CRA Road Accidents – South Africa
By Zelda Venter
Pretoria – A judge has ordered that the Road Accident Fund (RAF) retain the services of its panel of attorneys for at least the next six months.
The order is a bid to safeguard the rights of South Africans embroiled in legal proceedings against the RAF.
“The status quo has to be retained for at least six months This will enable the RAF to reconsider its position and retain the social responsibility net in place, protecting the public,” said Pretoria high court Judge Wendy Hughes.
The service level agreement that the RAF had concluded five years ago, with its panel of attorneys, expired last month after it was extended for a few months.
This meant that since Monday the RAF intended to either settle its claims where possible, or matters which could not be settled were due to go on arbitration, or where this was not possible, the RAF said it would make use of, among others, state attorneys to handle the cases.
The RAF was adamant that it could no longer afford the billions it had spent on legal fees on a panel of attorneys, among others, and that it needed to take another approach in a bid to be able to have enough money to pay the claiming public.
In this regard, it insisted that from June 1, the panel of attorneys which acted for them in the past, had to hand back the case files in their possession so that the RAF could handle matters.
This caused a huge outcry among the affected attorneys. They asked for, among others, an order that they at least be able to continue with their services until the end of this month (June), so as to not leave the public and the administration of justice in the cold.
Judge Hughes ordered that the RAF’s decision not to use the panel be placed on ice for at least six months.
In explaining this order, the judge said: “It is an exceptional case and a constitutional crisis looms if the court did not intervene to protect the rights of the public.”
She said that in her judgment, “The RAF is the only institution responsible for compensating victims of motor vehicle-related accidents. The RAF has a social responsibility to continue doing so”
Judge Hughes further said that the court had to intervene to protect the rights of the public, as it was being threatened.
“The court cannot sit back supine while the RAF is finding its feet, at the behest of eroding the constitutional rights of the public at large.”

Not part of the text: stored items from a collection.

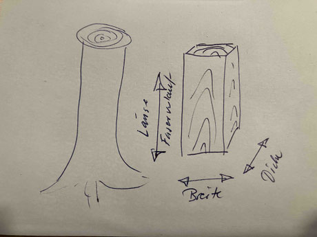 Im Bild sehen Sie links einen Baum. Der Baum wächst in den Himmel Richtung Sonne. Das ist die Wachstumsrichung oder Faserverlauf. In den Fasern werden die Nährstoffe und Wasser aus dem Boden zu den Blätter transportiert. Der Baum auf dem Bild ist oben abgeschnitten. Da sehen Sie die Jahrringe. Wenn Sie die Jahrringe sehen, ist das Stirnholz und die beiden Masse auf dem Stück Holz rechts, bilden die Breite und Dicke.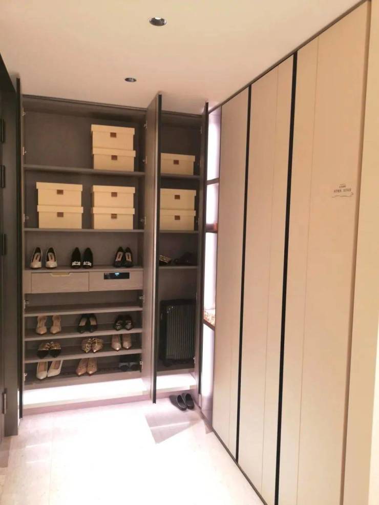 极致收纳。 玄关处,定制了两面墙的收纳玄关柜。玄关柜内配有“灭菌精灵”,能够消杀衣帽鞋子上的细菌。容量方面它可以放60双鞋、20个整理盒、4双高筒靴、4把雨伞、3个手提包、3件大衣。主卧、厨房与卫浴里,收纳空间也做到了极致。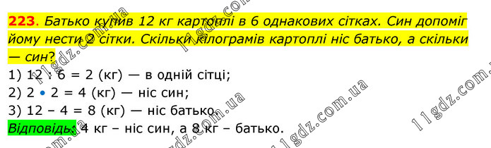 Батько купив 12 кг картоплі в 6 однакових сітках. Син допоміг йому нести 2 сітки. Скільки кілограмів картоплі ніс батько, а скільки — син? 1) 12 : 6 = 2 (кг) — в одній сітці; 2) 2 • 2 = 4 (кг) — ніс син; 3) 12 – 4 = 8 (кг) — ніс батько. Відповідь: 4 кг – ніс син, а 8 кг – батько.
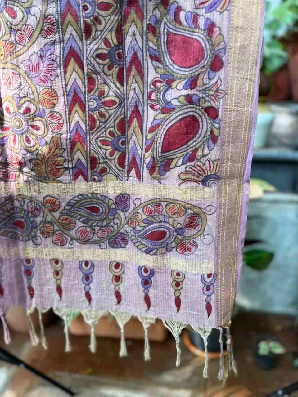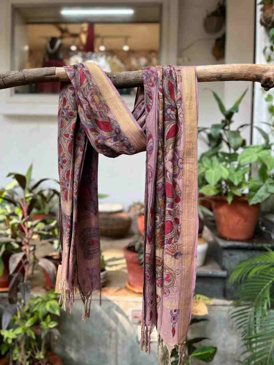 Soft coton dupatta featuring intricate handpainted kalamkari designs-light, brathable and perfect for an elegant ethnic look.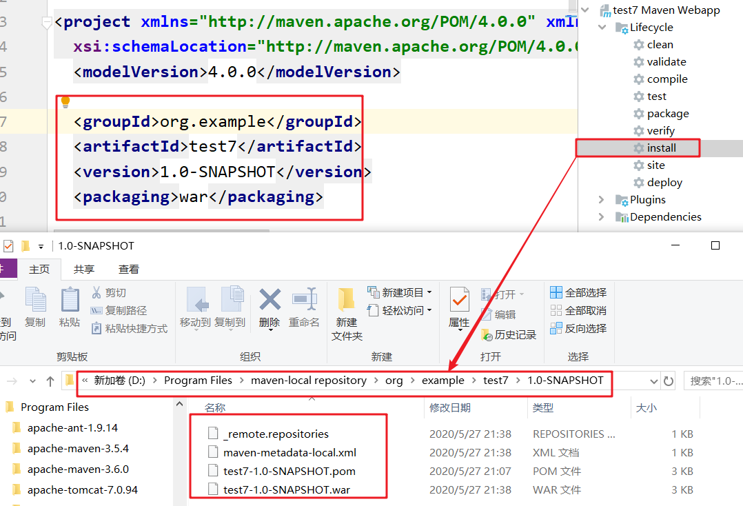 它会根据pom文件中的groupId ,artifactID,在你的maven本地仓库中生成一个你当前项目的包,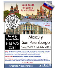 El viaje a Rusia llevará a nuestros socios y sus acompañantes a Moscú y San Petersburgo para descubrir de cerca la Rusia de los zares hasta nuestros días. El viaje se realizará en dos grupos: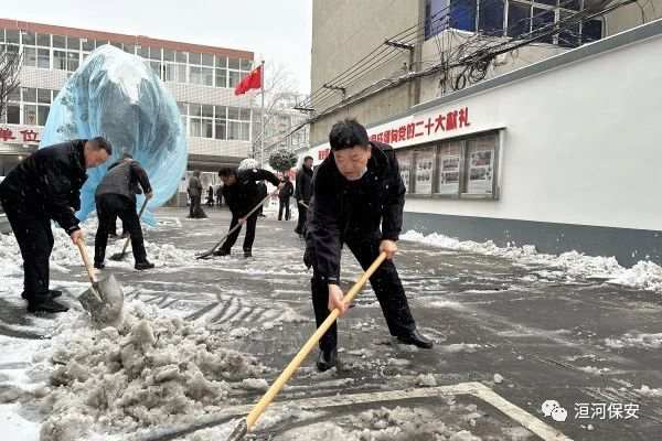 公司党委书记、董事长王高峰带领班子成员率先垂范,公司干部职工积极响应,有序展开清冰扫雪工作。大家不畏严寒,分工明确、团结合作,手持铁锨、挥动扫帚,铲除积雪、清扫路面,配合默契、干劲十足。现场“挥舞的铁锹”成为了皑皑白雪中暖心的一道风景线。由于准备充分,组织有力,发动及时,经过1个多小时的不懈努力,办公楼院内和门前三包积雪基本清理干净,保障了道路畅通安全,路面恢复了平日的干净和整洁。
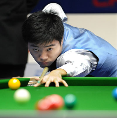 China's Ding Junhui plays a shot during the first round game against Joe Parry from England at the 2008 World Snooker China Open in Beijing March 25, 2008. The Chinese hopeful advanced into the last 16 5-3 with match breaks of 71, 71, 63, 90 and 55. [Xinhua]

The RAF told the court that it decided not to make further use of a panel of attorneys in a bid to save money and, in some cases, to try and erode fraud.
But Judge Hughes said: “The conundrum that the RAF finds itself in is that they cannot cancel the panel of attorneys’ mandate and replace them with other attorneys funded by them to perform the same function of the panel of attorneys.”
She said this contradicted the reasons given to make do without a panel of attorneys in future. She added that the fraud and corruption of which the RAF complained did not only fall at the feet of the attorneys, but involved staff, the medical profession, the SAPS and the ambulance emergency sector.